Kejati Sumbar Akhirnya Proses Hukum Pencemaran PKS PT SBS di Kinali Pasaman Barat
Jakarta, Detak Indonesia--Kasus pencemaran lingkungan oleh Pabrik Kelapa Sawit (PKS) PT Sari Buah Sawit (PT SBS) di Kecamatan Kinali Kabupaten Pasaman Barat (Pasbar), Sumbar yang dilaporkan DPP DPP TOPAN RI yang diberi kuasa warga di sekitar PKS PT SBS Kinali Pasbar, akhirnya diproses Kejaksaan Tinggi (Kejati) Sumbar di Kota Padang.

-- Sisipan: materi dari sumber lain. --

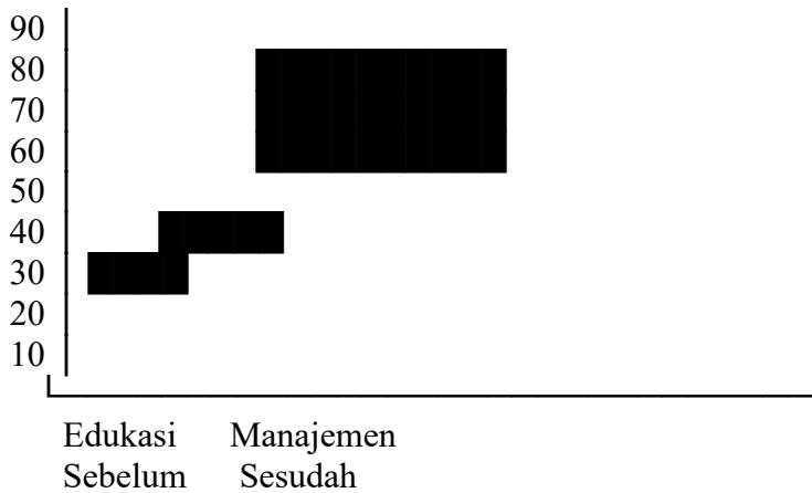
Grafik 2. Partisipasi Masyarakat Posyandu

Kasi Penkum dan Humas Kejati Sumbar Rasyid SH MH yang dihubungi awak media tim investigasi di Padang Selasa (6/5/2025) membenarkan sedang melakukan pengumpulan data dan keterangan. Bahwa pihak Kejati Sumbar secara normatif sedang melaksanakan pengumpulan keterangan dan full data terkait laporan masalah PKS PT SBS Kinali Pasaman Barat, Sumbar.
Di pihak lain menurut informasi dari warga Kinali Pasbar Sumbar, PKS PT SBS ini masih terus membuang limbah cair dan pencemaran udara dari cerobong asap hingga Selasa (6/5/2025).

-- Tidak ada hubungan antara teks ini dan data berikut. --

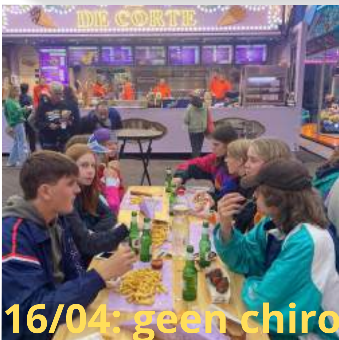
16/04: geen chiro

"Malah kegiatan produksi tandan buah segar (TBS) sawitnya makin banyak dan meningkat. Limbah cairnya masih dibuah di tanah warga mencemari sungai. Asap cerobong asapnya menebarkan pencemaran udara asapnya merayap turun di rumah rumah warga bahkan sampai di jalan lintas Kinali-Talu Sumbar. Pabriknya dekat sekali dengan sekolah dan permukiman warga, harus tutup pabriknya," harap warga.

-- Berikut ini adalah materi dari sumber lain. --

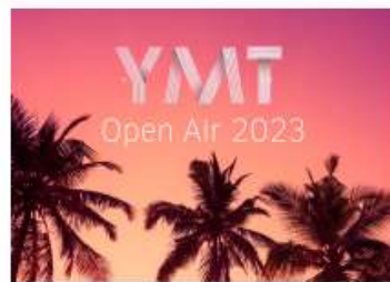
YMT Open Air 10.06.2023
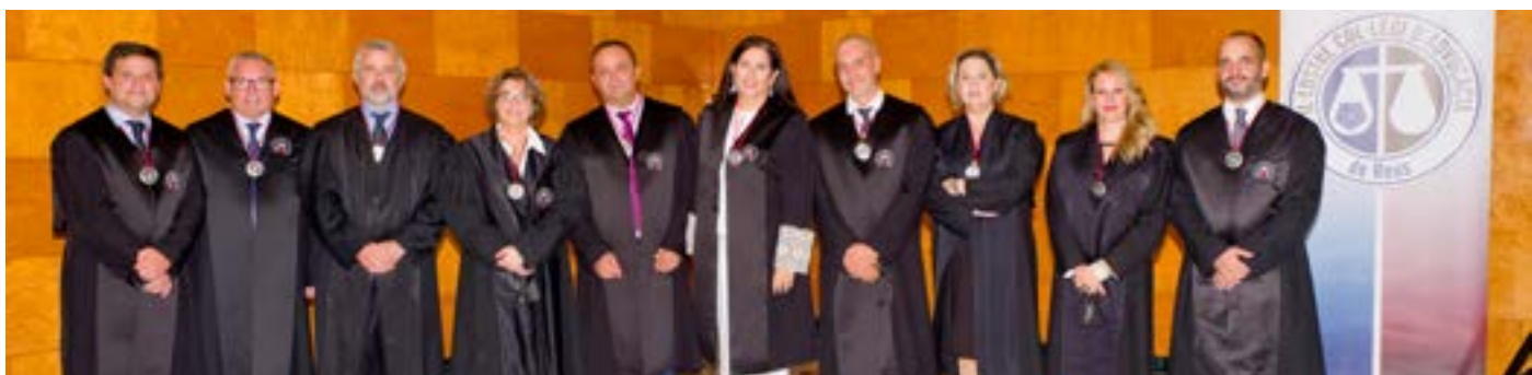
La Junta de Govern de l'ICAREus
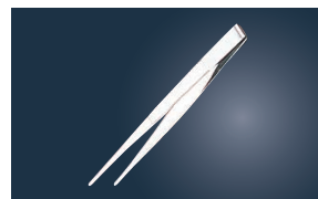
⑬ 18-0 ピンセット
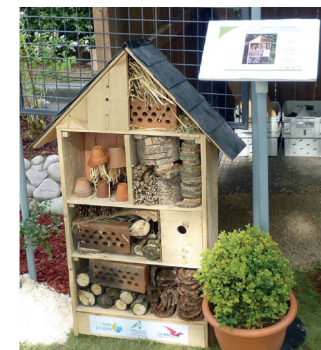
Hôtel à insectes

Seperti diberitakan sebelumnya, kasus pencemaran lingkungan oleh limbah sawit pabrik kelapa sawit (PKS) PT Sari Buah Sawit (PT SBS) di Jorong Langgam Sepakat Kecamatan Kinali Kabupaten Pasaman Barat Provinsi Sumatera Barat temuan Tim Kementerian Lingkungan Hidup RI pada 2-5 Desember 2024 lalu, hingga Selasa 15 Januari 2025 bahkan hingga Minggu (4/5/2025) belum ditindak tegas serius oleh pihak Kementerian Lingkungan Hidup RI bersama Dinas Lingkungan Hidup Pasaman Barat, Sumbar.